Skip the pictures. Retype exactly, and only, the lines between the line holding "活動(dòng)現(xiàn" and the last line below, inclusive.

**Data extract**
-- Opening Marker --
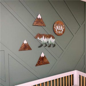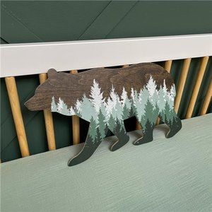 Forest Bear Wall Sign, Adventure Woodland Theme, Rustic Nursery Decor 18 x 10"
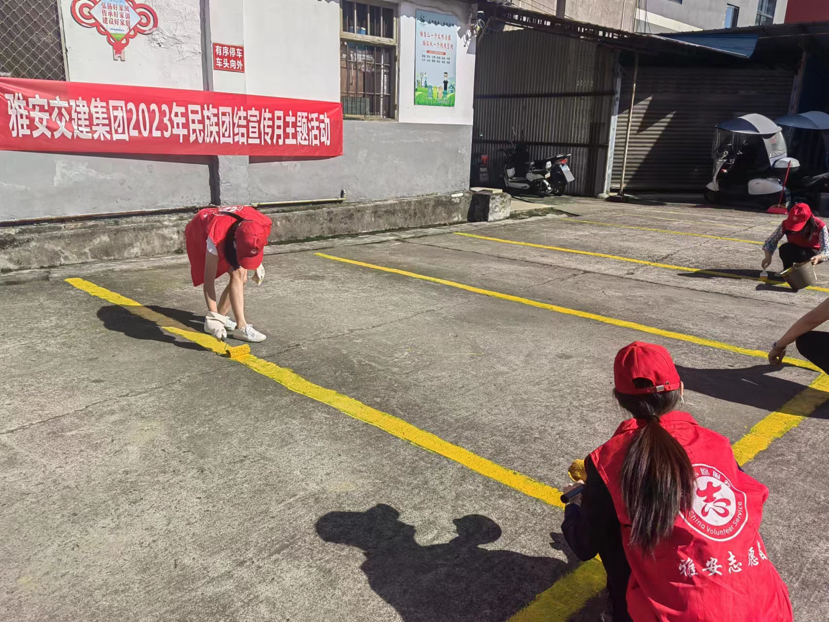 活動(dòng)現(xiàn)場(chǎng)分宣傳講解、上門(mén)服務(wù)、衛(wèi)生清潔、停車場(chǎng)油漆添補(bǔ)4個(gè)小組。通過(guò)發(fā)放宣傳資料、現(xiàn)場(chǎng)答疑解惑、衛(wèi)生死角清掃、停車線添補(bǔ)等活動(dòng),向小區(qū)住戶、街道過(guò)往市民、車站乘客等群眾宣傳民族團(tuán)結(jié)示范市創(chuàng)建工作相關(guān)問(wèn)題和民族團(tuán)結(jié)相關(guān)知識(shí),進(jìn)一步提升群眾對(duì)民族團(tuán)結(jié)進(jìn)步的認(rèn)識(shí),激發(fā)居民促進(jìn)共同繁榮發(fā)展的主動(dòng)意識(shí),攜手推進(jìn)民族團(tuán)結(jié)進(jìn)步創(chuàng)建,助力雅安市創(chuàng)建民族團(tuán)結(jié)進(jìn)步示范市工作。
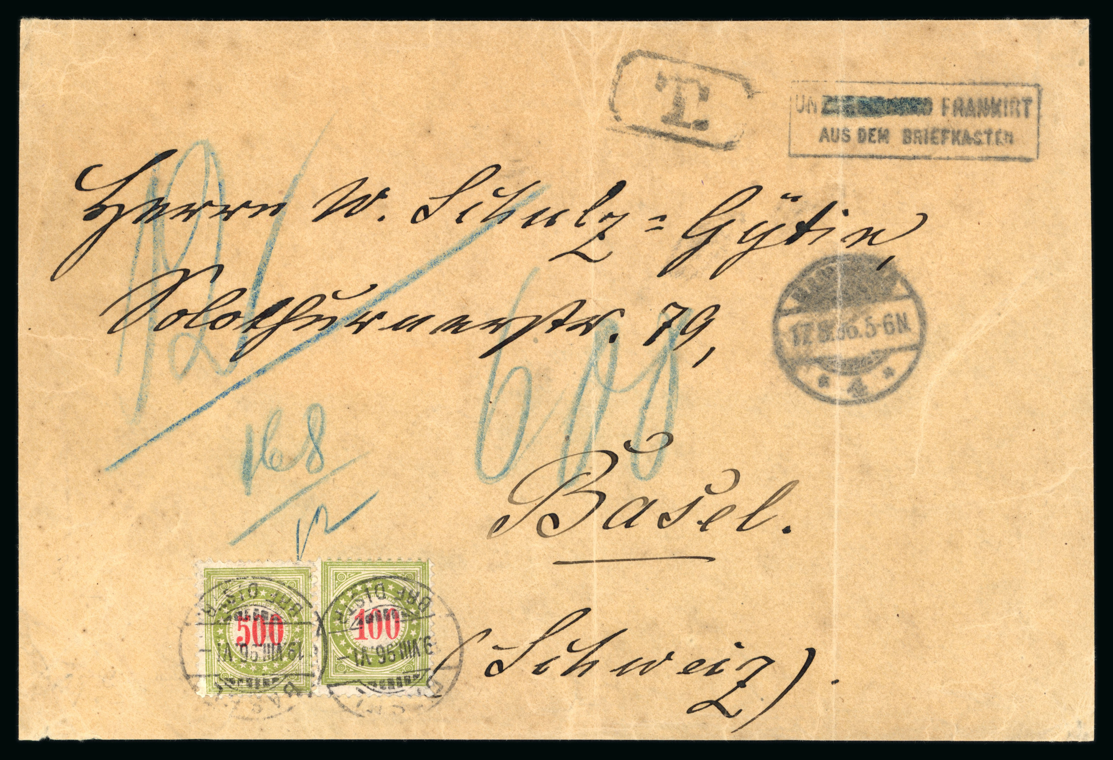 gezähnt auf Brief von Hamburg nach Basel, gestempelt « BASEL BRF. DIRSTR. 19.VIII.95.VI ». Eine sehr seltene Verwendung der 500 Rp. als Portomarke; sie wurde meistens nur als Freimarke verwendet. Bei weitem eine der seltensten Schweizer Marken auf
-- Closing Marker --
**Task response**
 活動(dòng)現(xiàn)場(chǎng)分宣傳講解、上門(mén)服務(wù)、衛(wèi)生清潔、停車場(chǎng)油漆添補(bǔ)4個(gè)小組。通過(guò)發(fā)放宣傳資料、現(xiàn)場(chǎng)答疑解惑、衛(wèi)生死角清掃、停車線添補(bǔ)等活動(dòng),向小區(qū)住戶、街道過(guò)往市民、車站乘客等群眾宣傳民族團(tuán)結(jié)示范市創(chuàng)建工作相關(guān)問(wèn)題和民族團(tuán)結(jié)相關(guān)知識(shí),進(jìn)一步提升群眾對(duì)民族團(tuán)結(jié)進(jìn)步的認(rèn)識(shí),激發(fā)居民促進(jìn)共同繁榮發(fā)展的主動(dòng)意識(shí),攜手推進(jìn)民族團(tuán)結(jié)進(jìn)步創(chuàng)建,助力雅安市創(chuàng)建民族團(tuán)結(jié)進(jìn)步示范市工作。
 gezähnt auf Brief von Hamburg nach Basel, gestempelt « BASEL BRF. DIRSTR. 19.VIII.95.VI ». Eine sehr seltene Verwendung der 500 Rp. als Portomarke; sie wurde meistens nur als Freimarke verwendet. Bei weitem eine der seltensten Schweizer Marken auf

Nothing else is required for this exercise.